## Problem to work on
Pictures stay out of the copy. Retype exactly the lines below from the one with "カベルネソーヴィニョン フランス 750ml 赤" through the one with "This pack includes".

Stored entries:
++++++

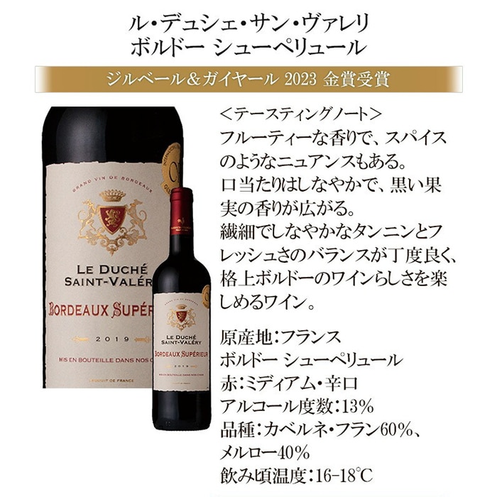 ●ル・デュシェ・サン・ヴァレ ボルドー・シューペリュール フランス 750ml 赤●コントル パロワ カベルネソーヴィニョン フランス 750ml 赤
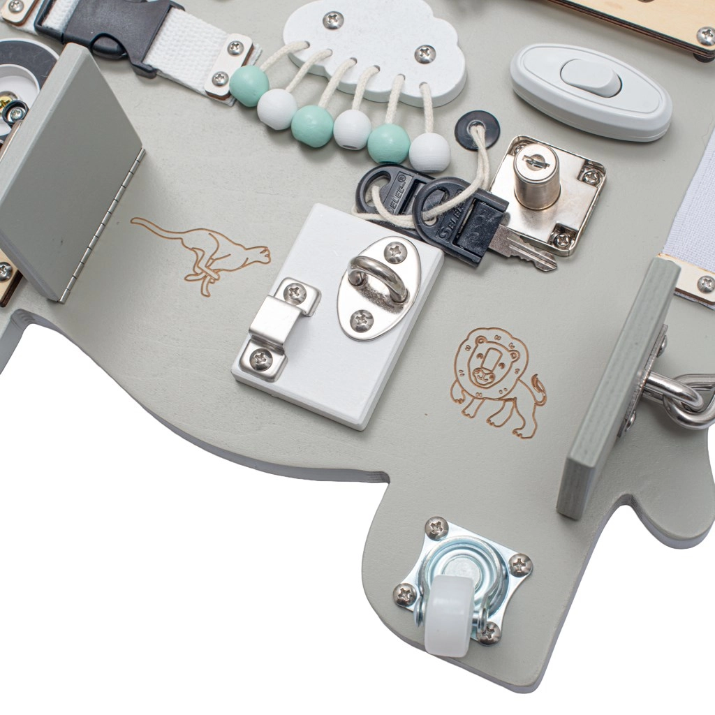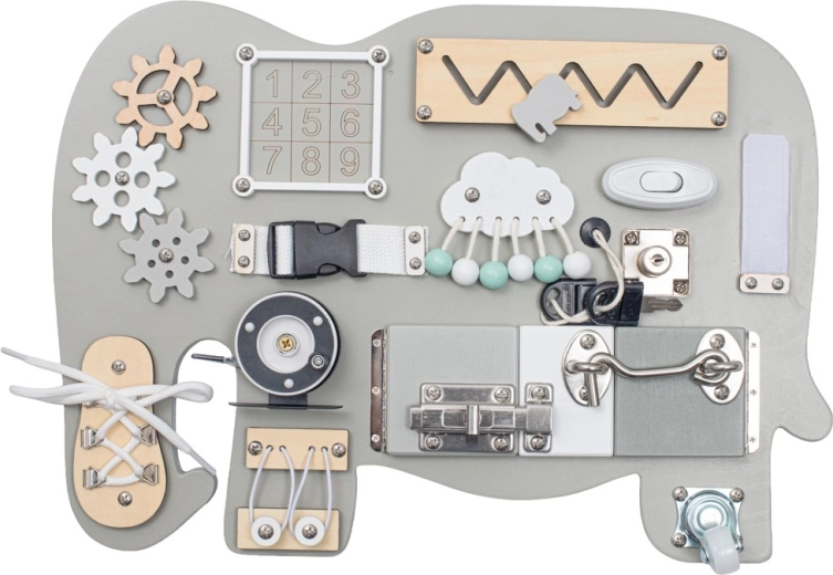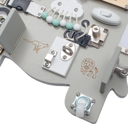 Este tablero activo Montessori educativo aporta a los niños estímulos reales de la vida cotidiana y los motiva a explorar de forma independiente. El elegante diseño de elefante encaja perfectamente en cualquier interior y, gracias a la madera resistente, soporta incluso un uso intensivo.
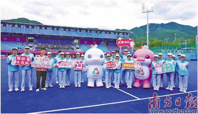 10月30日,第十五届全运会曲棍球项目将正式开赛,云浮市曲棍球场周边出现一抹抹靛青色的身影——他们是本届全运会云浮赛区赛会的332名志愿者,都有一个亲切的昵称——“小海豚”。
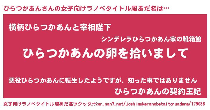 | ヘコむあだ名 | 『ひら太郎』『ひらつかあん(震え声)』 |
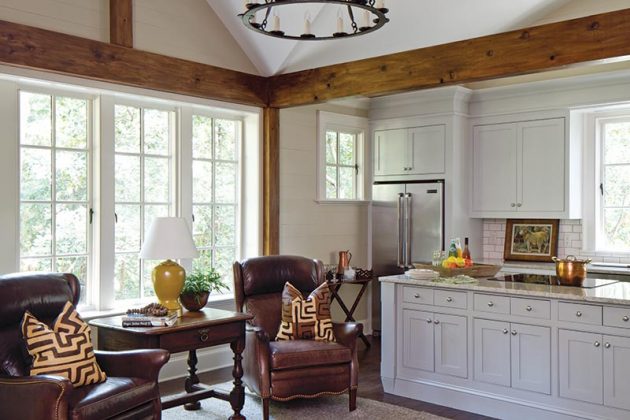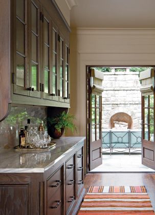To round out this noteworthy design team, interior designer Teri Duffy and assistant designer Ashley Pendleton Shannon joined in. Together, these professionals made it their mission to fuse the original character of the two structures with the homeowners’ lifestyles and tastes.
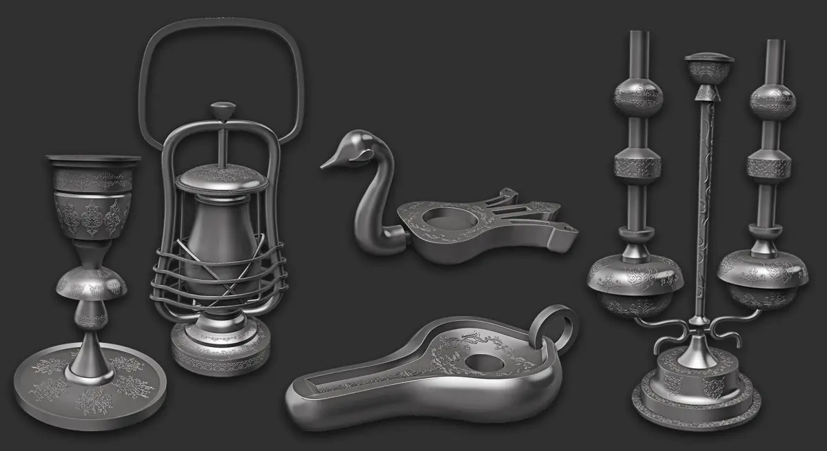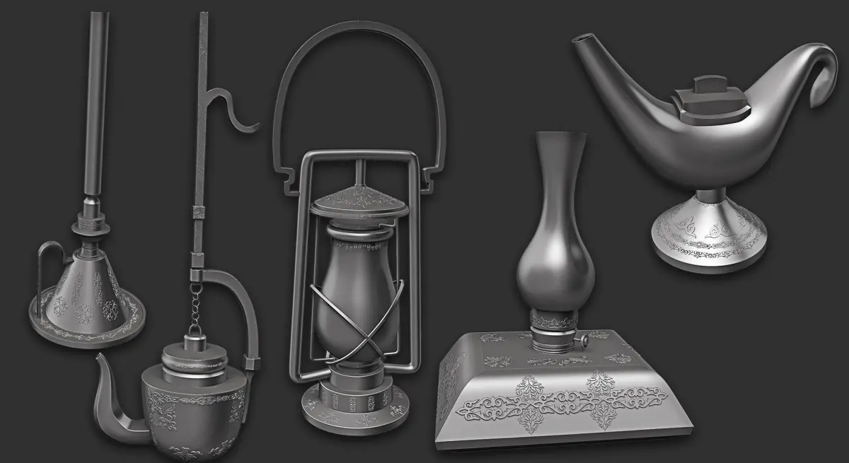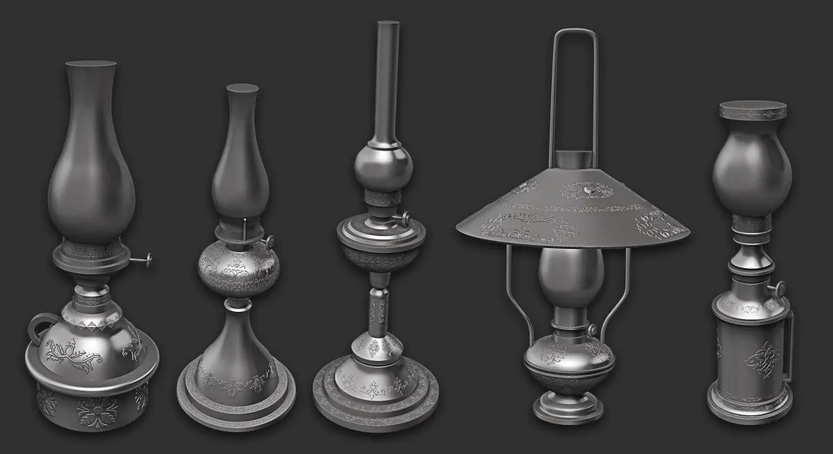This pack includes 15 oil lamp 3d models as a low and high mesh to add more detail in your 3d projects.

++++++

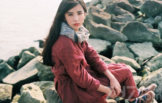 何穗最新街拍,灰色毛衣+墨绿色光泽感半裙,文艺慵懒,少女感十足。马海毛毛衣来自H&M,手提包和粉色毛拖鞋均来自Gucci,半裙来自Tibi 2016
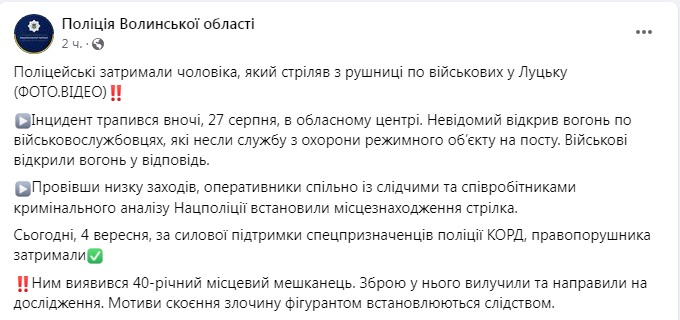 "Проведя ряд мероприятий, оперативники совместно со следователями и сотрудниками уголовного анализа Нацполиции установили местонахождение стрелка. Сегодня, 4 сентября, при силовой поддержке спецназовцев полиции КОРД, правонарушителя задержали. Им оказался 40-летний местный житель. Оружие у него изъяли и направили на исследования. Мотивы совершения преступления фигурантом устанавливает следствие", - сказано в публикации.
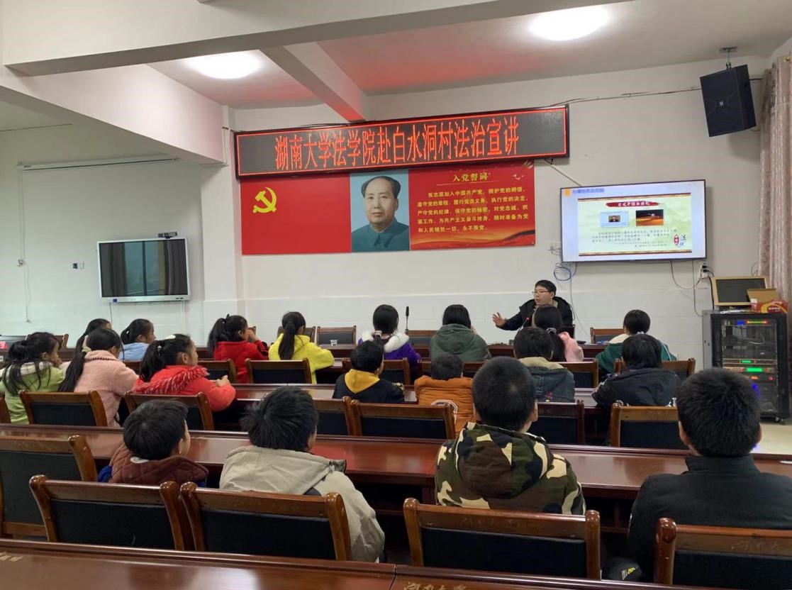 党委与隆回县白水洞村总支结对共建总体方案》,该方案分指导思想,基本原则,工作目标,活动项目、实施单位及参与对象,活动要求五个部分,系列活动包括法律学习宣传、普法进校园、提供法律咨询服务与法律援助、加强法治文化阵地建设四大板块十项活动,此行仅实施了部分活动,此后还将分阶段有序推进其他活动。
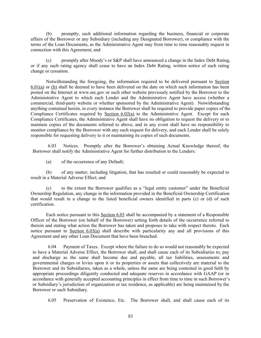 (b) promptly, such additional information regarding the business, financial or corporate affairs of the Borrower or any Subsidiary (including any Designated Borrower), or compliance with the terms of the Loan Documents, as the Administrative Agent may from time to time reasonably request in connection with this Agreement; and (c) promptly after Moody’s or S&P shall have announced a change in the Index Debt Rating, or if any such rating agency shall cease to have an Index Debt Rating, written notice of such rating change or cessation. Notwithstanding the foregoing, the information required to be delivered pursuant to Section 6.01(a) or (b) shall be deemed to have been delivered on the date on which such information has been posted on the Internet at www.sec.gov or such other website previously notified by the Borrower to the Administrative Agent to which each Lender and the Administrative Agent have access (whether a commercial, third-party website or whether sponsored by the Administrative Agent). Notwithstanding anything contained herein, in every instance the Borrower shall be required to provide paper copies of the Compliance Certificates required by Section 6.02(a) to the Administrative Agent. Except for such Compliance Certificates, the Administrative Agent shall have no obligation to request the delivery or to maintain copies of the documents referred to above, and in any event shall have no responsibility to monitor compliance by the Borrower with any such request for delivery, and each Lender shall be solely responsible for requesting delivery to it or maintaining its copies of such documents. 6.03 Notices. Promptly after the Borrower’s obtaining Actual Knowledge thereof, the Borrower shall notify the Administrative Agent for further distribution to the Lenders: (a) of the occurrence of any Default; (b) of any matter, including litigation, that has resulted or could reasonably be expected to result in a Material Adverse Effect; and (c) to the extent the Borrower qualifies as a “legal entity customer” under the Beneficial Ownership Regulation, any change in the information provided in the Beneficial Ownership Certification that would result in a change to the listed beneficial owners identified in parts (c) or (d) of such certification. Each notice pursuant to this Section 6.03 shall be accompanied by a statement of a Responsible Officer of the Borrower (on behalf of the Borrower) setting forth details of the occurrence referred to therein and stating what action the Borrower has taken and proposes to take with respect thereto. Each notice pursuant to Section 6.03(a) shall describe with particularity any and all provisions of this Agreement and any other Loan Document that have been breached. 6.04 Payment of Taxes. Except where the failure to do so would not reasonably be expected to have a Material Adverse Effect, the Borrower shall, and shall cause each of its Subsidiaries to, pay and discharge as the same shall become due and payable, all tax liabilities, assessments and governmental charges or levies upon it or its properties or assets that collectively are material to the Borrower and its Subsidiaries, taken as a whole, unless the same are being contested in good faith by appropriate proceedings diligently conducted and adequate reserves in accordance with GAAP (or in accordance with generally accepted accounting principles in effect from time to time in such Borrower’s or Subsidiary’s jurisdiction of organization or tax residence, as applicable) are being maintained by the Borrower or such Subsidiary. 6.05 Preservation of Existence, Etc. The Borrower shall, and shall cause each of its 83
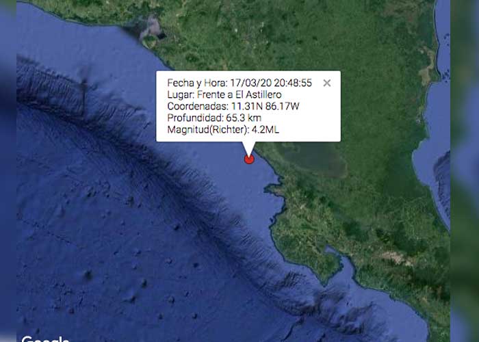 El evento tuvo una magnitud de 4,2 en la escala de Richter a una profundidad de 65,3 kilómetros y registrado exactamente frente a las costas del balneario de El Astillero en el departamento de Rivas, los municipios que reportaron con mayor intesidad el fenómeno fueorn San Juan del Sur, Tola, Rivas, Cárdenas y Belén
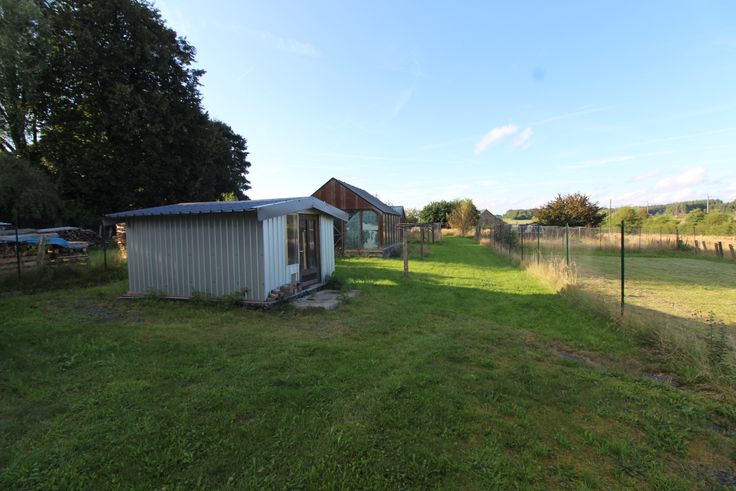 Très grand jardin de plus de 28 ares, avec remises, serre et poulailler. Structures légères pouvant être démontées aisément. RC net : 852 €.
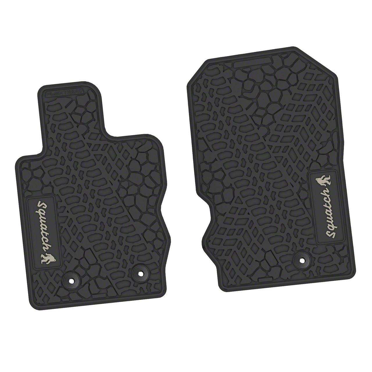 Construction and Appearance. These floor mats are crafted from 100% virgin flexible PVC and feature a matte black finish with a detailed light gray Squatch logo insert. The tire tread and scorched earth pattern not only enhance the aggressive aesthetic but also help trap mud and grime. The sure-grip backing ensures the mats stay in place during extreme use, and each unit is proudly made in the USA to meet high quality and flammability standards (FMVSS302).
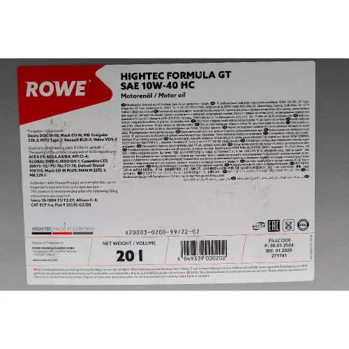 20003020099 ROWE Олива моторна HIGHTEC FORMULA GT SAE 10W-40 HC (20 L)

++++++

## Response
 ●ル・デュシェ・サン・ヴァレ ボルドー・シューペリュール フランス 750ml 赤●コントル パロワ カベルネソーヴィニョン フランス 750ml 赤
 Este tablero activo Montessori educativo aporta a los niños estímulos reales de la vida cotidiana y los motiva a explorar de forma independiente. El elegante diseño de elefante encaja perfectamente en cualquier interior y, gracias a la madera resistente, soporta incluso un uso intensivo.
 10月30日,第十五届全运会曲棍球项目将正式开赛,云浮市曲棍球场周边出现一抹抹靛青色的身影——他们是本届全运会云浮赛区赛会的332名志愿者,都有一个亲切的昵称——“小海豚”。
 | ヘコむあだ名 | 『ひら太郎』『ひらつかあん(震え声)』 |
To round out this noteworthy design team, interior designer Teri Duffy and assistant designer Ashley Pendleton Shannon joined in. Together, these professionals made it their mission to fuse the original character of the two structures with the homeowners’ lifestyles and tastes.
This pack includes 15 oil lamp 3d models as a low and high mesh to add more detail in your 3d projects.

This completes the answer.